Beyond the issue of tactics, there’s a more fundamental issue. I think the best way to explain this might be by using an example from World War II when we made a decision to support the Soviet Union against the Germans. Some countries in certain circumstances must be supported no matter how unpleasant it might seem. A cut off of aid to Turkey, for example, would create larger problems even if we felt Turkey had acted incorrectly. We must not confuse what is convenience with what is essential. Congress has every right to question when issues of national security are raised. Even in national security issues, we should use what influence we have to promote the basic fundamentals of human rights. In determining values we must first define our terms. American institutions cannot be automatically translated and made meaningful to every country in the world.
[Page 259]I look upon the present as being similar to the period right after 1945. We have all suffered, we lack national self confidence and the resources to do many of the things that we would like to do.
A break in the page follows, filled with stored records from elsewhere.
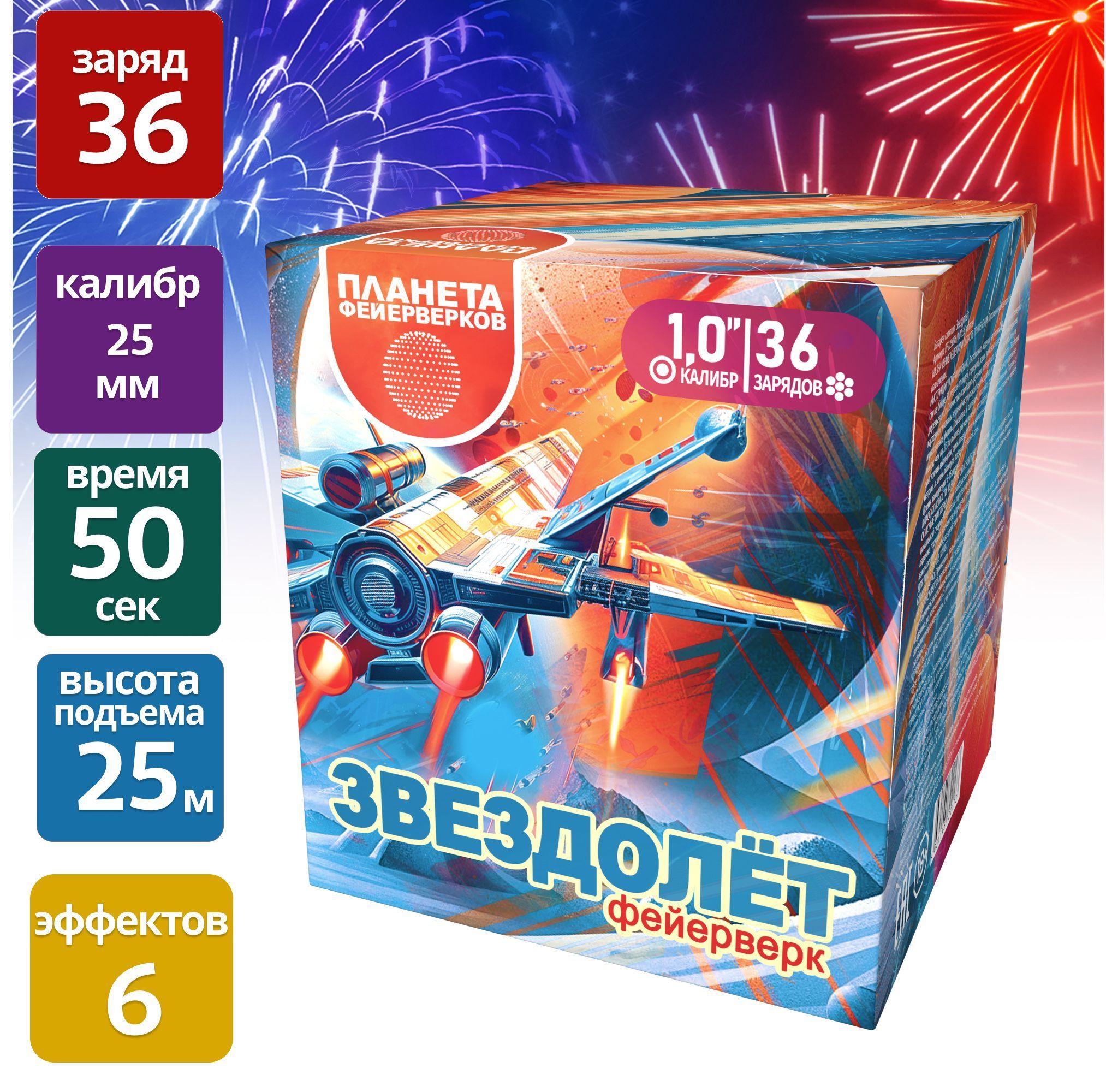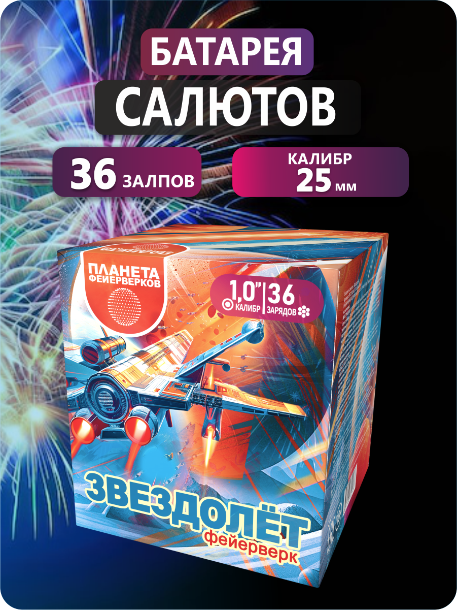 36 залпов калибра 1 дюйм взмывают в небо, словно корабли далёких галактик, и раскрываются на высоте до 25 метров в завораживающих узорах. 50 секунд волшебства — и вы уже не на земле, а среди звёзд. Пусть ваш праздник станет частью космической легенды с фейерверком «Звездолёт»!
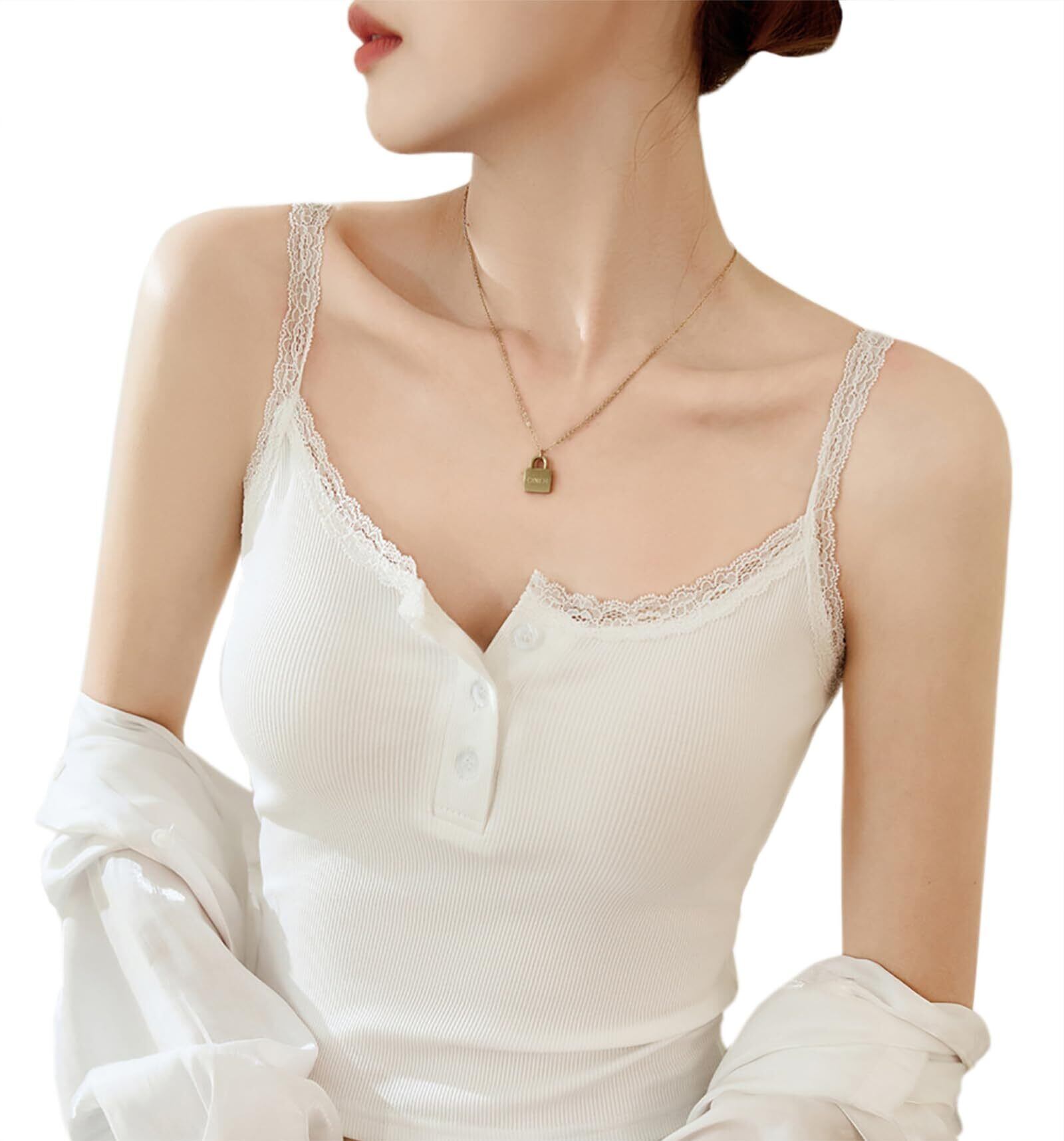 [Laisve] レース胸元あき コットン95% 爆乳キャミソール3色 レディース リブニット生地 ボタンをはずす 貧乳爆乳兼用 セクシー谷间 重ね着インナー ベーシックタンクトップ ビスチェ 可愛い…
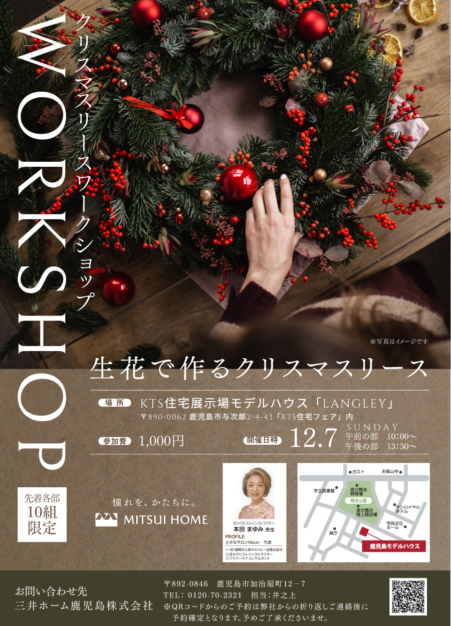 生花で作るクリスマスリース ワークショップ12月7日(日) 10:00~、13:30~Event 会 場:KTS住宅展示場モデルハウス「LANGLEY」 〒890-0062 鹿児島市与次郎2-4-43「KTS住宅フェア」内 日 時:12月7日(日)午前の部10:00~、午後の部13:30~ 参加費:1,000円 講 師:花セラピストインストラクター 本田まゆみ先生 本イベントのお申込は、ご応募多数につき終了させていただきました。 完全予約制 上記チラシは、下の印刷ボタンより拡大できます。 ● お問い合せ・その他 三井ホーム鹿児島株式会社 TEL:0120-70-2321(井之上)
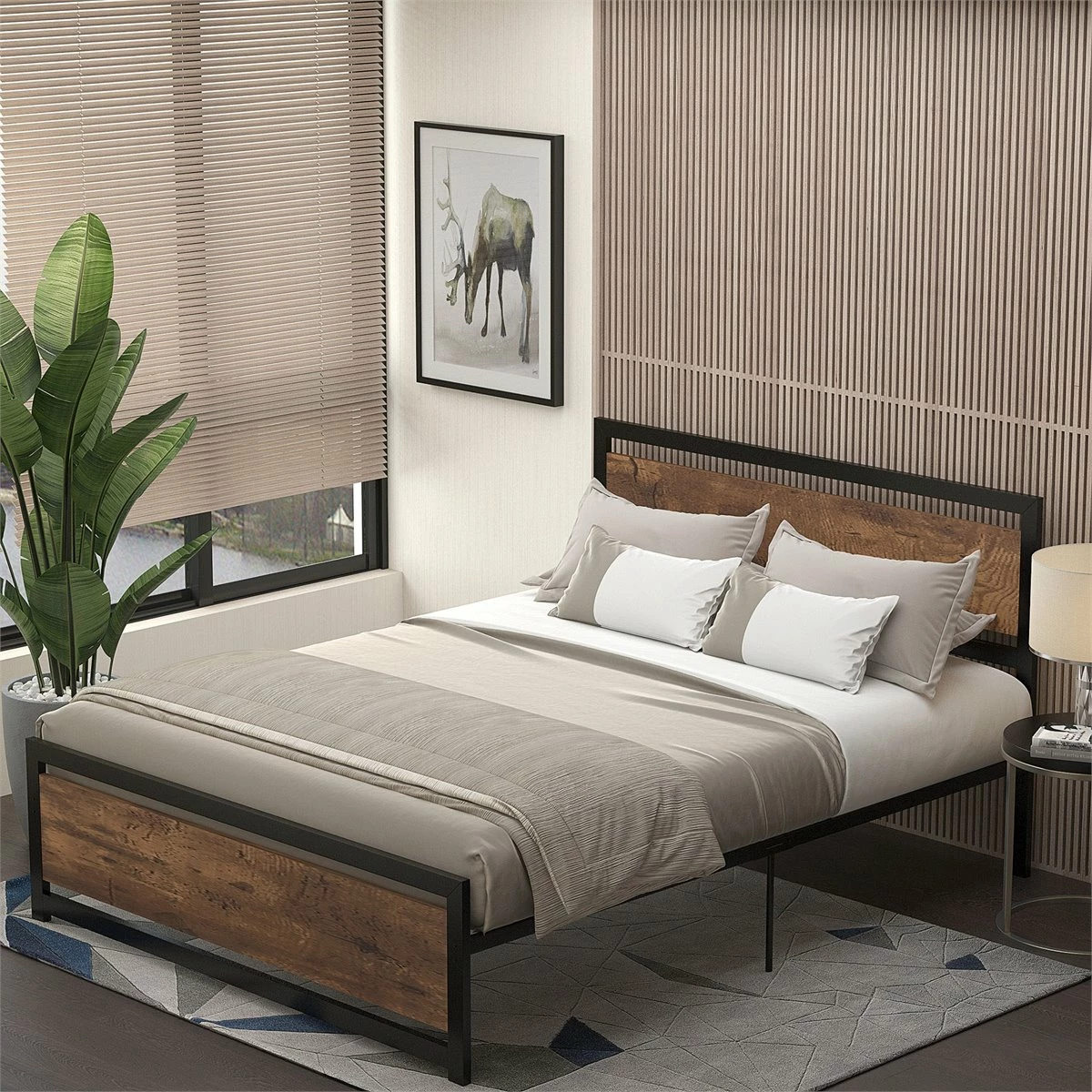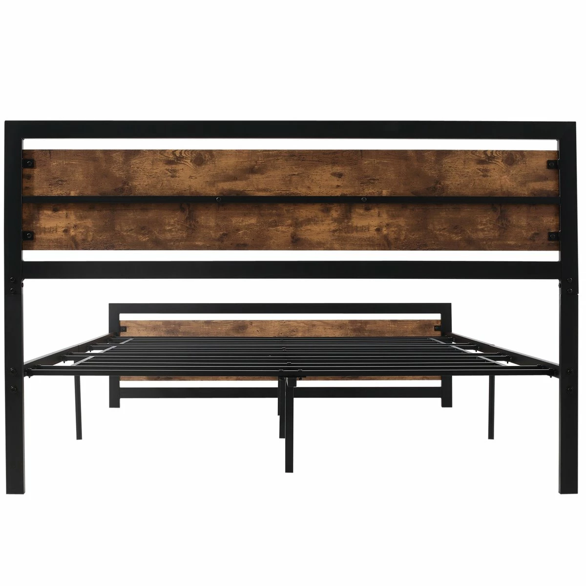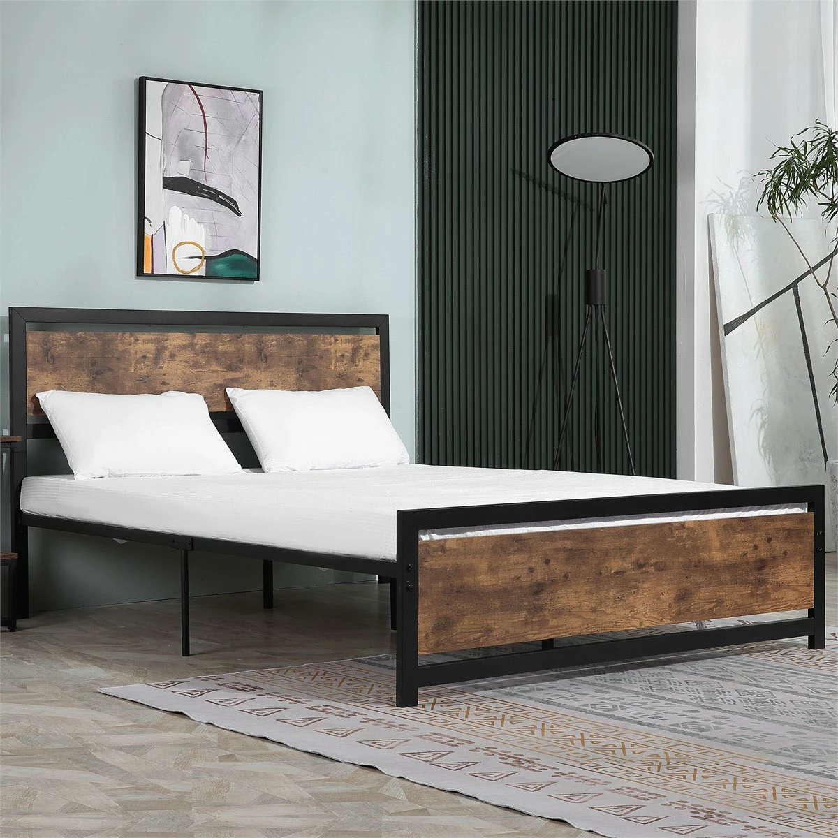 - – Esta estructura de cama de metal y madera, con pie de cama y cabecera, ofrece un estilo industrial y elegante para tu dormitorio
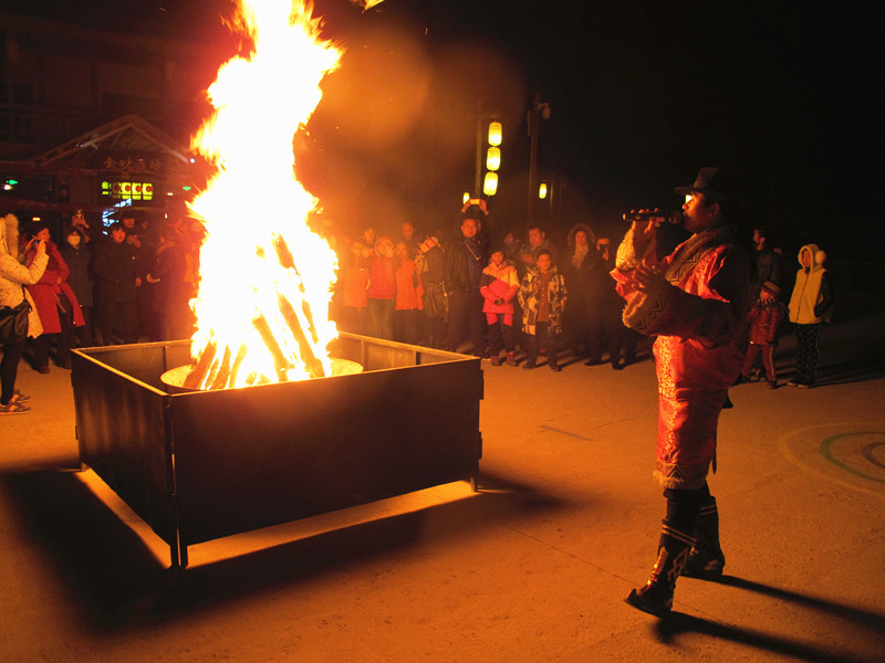 下午7時30分,客人們品嘗美食之后,迎新年篝火晚會在月牙泉小鎮中心廣場正式開始。紅紅的篝火燃燒起來了,歡快的音樂響起來了,由千年敦煌·月牙泉小鎮商戶才旦帶頭,客人們圍成一個圈,圍著篝火唱著、跳著、陶醉著……
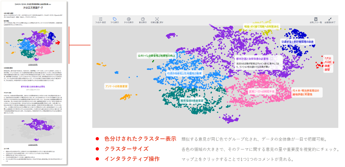 岡村:「こえまぷ」は、現在代表的な活用例として、アンケートの自由回答や、顧客からの問い合わせ内容はもちろん、SNSやレビューサイトの口コミ、ワークショップでの発言録など、さまざまな定性データが対象になります。もとが公聴会記録の分析のため、行政や自治体での活用とも非常に相性がいいですね。
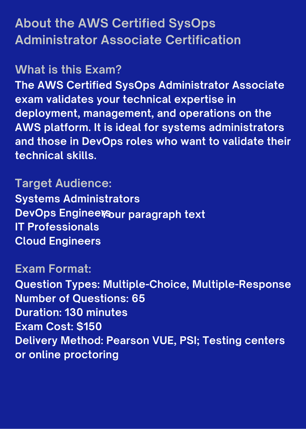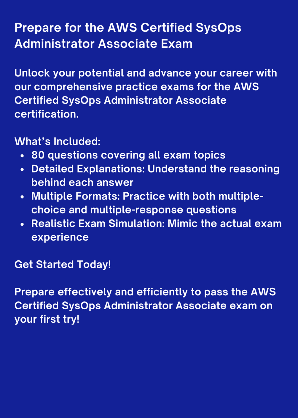 Unlock your potential and advance your career with our comprehensive practice exams for the AWS Certified SysOps Administrator Associate certification.
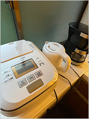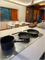その他、冷蔵庫やオーブンレンジ、調理器具やお皿などの備品も一式揃っていて、すぐに別荘ライフをスタートすることができます。
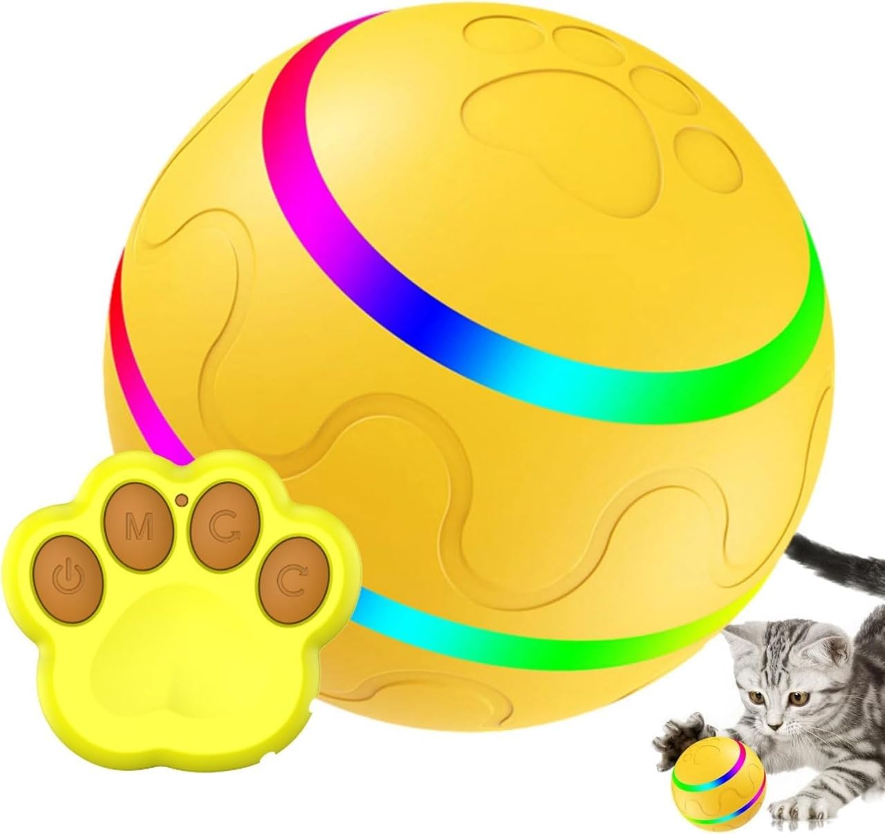 Transform playtime into an exciting adventure with this innovative interactive pet ball toy featuring a unique paw-shaped remote controller. The vibrant yellow self-rolling ball keeps your furry friend engaged with its automatic movement patterns and built-in LED lights. Perfect for both cats and dogs, this smart toy helps prevent boredom and encourages active play, even when you’re busy. The ball’s durable construction withstands enthusiastic play sessions, while the USB rechargeable feature ensures long-lasting entertainment. The convenient remote control lets you adjust the ball’s movement, making it an ideal choice for pets of all activity levels and ages. Whether your pet loves to chase, pounce, or simply watch rolling objects, this interactive toy provides hours of engaging entertainment while helping maintain their physical and mental well-being.

We cannot afford internal splits at this time. I will do my best to get policies on human rights which you can support, but foreign aid is very important and you must understand that we are not going to be able to meet this stiff criteria which you are setting for human rights in all instances.
Congressman Gibbons: It is the emphasis on military aid which bothers us. We can see a situation where the United States gets into giving aid to both sides as they did in the Indo-Pakistan situation a couple of years ago.
The Secretary: I think we have to look at the nature of the military governments. The juntas which we find in power in many parts of the world have often imposed themselves on reluctant populations. You can ask the question why do the military take over. Often the military is the only group in the developing society which is open to commoners. An oligarchy is in power and controls everything. The military offers one way that a person can move his way from the bottom to the top. Take the case of Peru. We’re not giving any aid to Peru at the present time, but our inaction is for the wrong reasons. I think it was probably because of the IPC expropriations a couple of years ago. Now the Soviets have sold weapons to Peruvians and the Cubans are offering training to them. Their neighbors are all upset. If we offered training and weapons to countries like Peru, then we have a better control over their policies.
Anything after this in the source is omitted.